Women back in court, hope to revive suit against CU
DENVER ” Two women who say they were raped by University of Colorado football players or recruits were to return to court Wednesday in an attempt to revive their lawsuit claiming the school violated a federal gender-equity law.
Lisa Simpson and the other woman known publicly only as Jane Doe argue their alleged rapes at an off-campus party in December 2001 and allegations of assaults and harassment of other female students stem from university officials’ failure to stop misconduct they knew was occurring in the football recruiting program.
A federal judge in March dismissed the case, saying the women failed to prove a key point: that CU officials knew about but did nothing to stop sexual misconduct by football players and recruits.
Attorneys for the women have argued that the judge’s decision was premature because CU’s attorneys had failed to turn over documents that could have helped the women’s claim that CU violated a federal gender-equity law.
Wednesday’s hearing deals in part with one of those documents: a police interview of a student athletic trainer who claimed she was sexually assaulted by a player or a recruit. She was the second student trainer to make such claims; Barnett had met with the other trainer, according to previously released depositions and documents.
U.S. Magistrate Judge Craig Shaffer also could ask CU’s attorneys to respond to a July 1 order calling for them to turn over documents and explain why they shouldn’t be punished for a “lack of candor” in discussing documents the women’s attorneys argued were improperly withheld.

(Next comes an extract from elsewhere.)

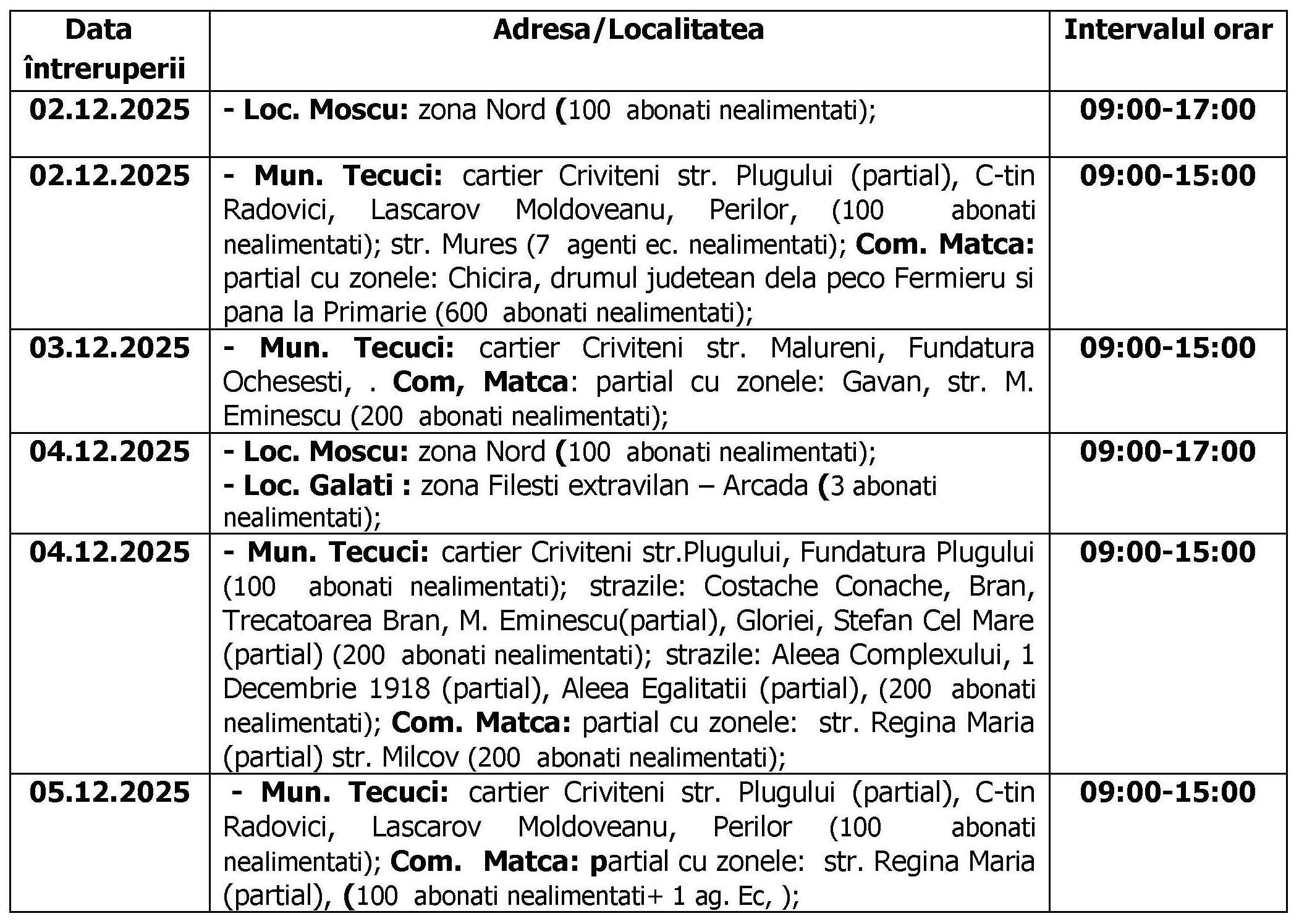 Ne cerem scuze pentru neplăcerile cauzate de aceste întreruperi, care sunt însă necesare pentru asigurarea unei bune funcţionări a instalaţiilor.   Relații suplimentare la telefon 0236 929 sau Telverde 0800 500 205.

Documents covered by that order included a police interview of the trainer, known as Trainer B. Attorneys for Simpson and Doe said in a court filing last month that the documents showed football coach Gary Barnett may have known about alleged sexual misconduct by players and recruits. They said the information would bolster their argument that CU officials knew about but failed to stop mistreatment of female students.
CU’s attorneys have said in court filings they did not intentionally withhold documents from the women’s attorneys. They said they learned last fall about some of the records including the Trainer B interview from the university’s Office of Sexual Harassment, but did not review them or turn them over to the women’s attorneys because they believed the material could not be disclosed under an order by the state attorney general.
Former Attorney General Ken Salazar had led a task force investigation into the university’s recruiting practices, but concluded that no criminal charges could be filed.
No criminal sexual assault charges have been filed in any of the cases.
The Rocky Mountain News also will argue for the public release of a sealed deposition of Steven Snyder. He was hired to help an investigative panel appointed by CU regents look into allegations that CU’s football recruiting program used sex and alcohol to entice top prospects. The deposition was ordered released before the lawsuit was dismissed, throwing its status into question, the newspaper’s attorney said in a court filing.